しかし、運搬中の産業廃棄物をいったん降ろしたり、別の車に積み替える場合は積替保管許可の対象となります。
積替保管許可に求められる要件
廃棄物処理法施行規則
第10条 法第十四条第五項第一号(法第十四条の二第二項において準用する場合を含む。)の規定による環境省令で定める基準は、次のとおりとする。
1 施設に係る基準
イ 産業廃棄物が飛散し、及び流出し、並びに悪臭が漏れるおそれのない運搬車、運搬船、運搬容器その他の運搬施設を有すること。
ロ 積替施設を有する場合には、産業廃棄物が飛散し、流出し、及び地下に浸透し、並びに悪臭が発散しないように必要な措置を講じた施設であること。
①基本要件
- あらかじめ、積替えを行った後の運搬先が定められていること
- 搬入された産業廃棄物の量が、積替え場所において適切に保管できる量を超えないこと(1日当たりの平均搬出量×7)
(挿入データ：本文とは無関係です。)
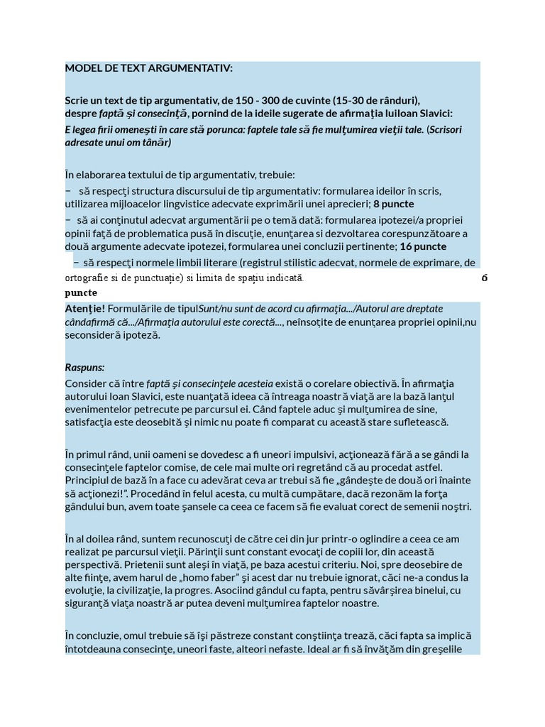 Model Text Argumentativ Bac

- 搬入された産業廃棄物の性状に変化が生じないうちに搬出すること
設置要件は必ず各自治体に事前相談をして把握しておくようにしてください。
①施設に囲いを設ける
②施設に掲示板を設ける
③飛散・流出・浸透・悪臭の防止措置をとる
④害虫・害獣の発生防止措置をとる
は最低限必要になります
産業廃棄物の積替保管許可取得の流れ

積替保管許可の取得手順は自治体によって決められています。ここでは一般的な許可取得の流れを説明します。
①自治体への事前相談
産業廃棄物の種類や積替保管方法をまとめて、申請先の自治体と事前相談を行います。
②事前計画書の作成・提出
相談結果に基づいて事前計画書を作成して提出します
③事前計画書の審査
事前計画書の審査を受けます。問題がなければ施設や容器の設置工事を行います。
④現地調査
施設や容器の設置が完了した時点で現地調査を行います。
⑤許可申請書の作成・提出
現地調査の結果に問題がなければ許可申請書の作成・提出を行います。
⑥審査〜許可証の交付
許可申請書の審査が行われ、内容に問題がなければ許可証が交付されます。
まとめ
産業廃棄物の積替保管許可の申請手続きは半年〜2年程度と期間を要しますが、自治体と相談しながら手続きを進めましょう。
また、産業廃棄物の保管施設には法律で基準が定められているので、基準を満たす必要があります。産業廃棄物の種類や性質ごとに適切に保管するようにしましょう。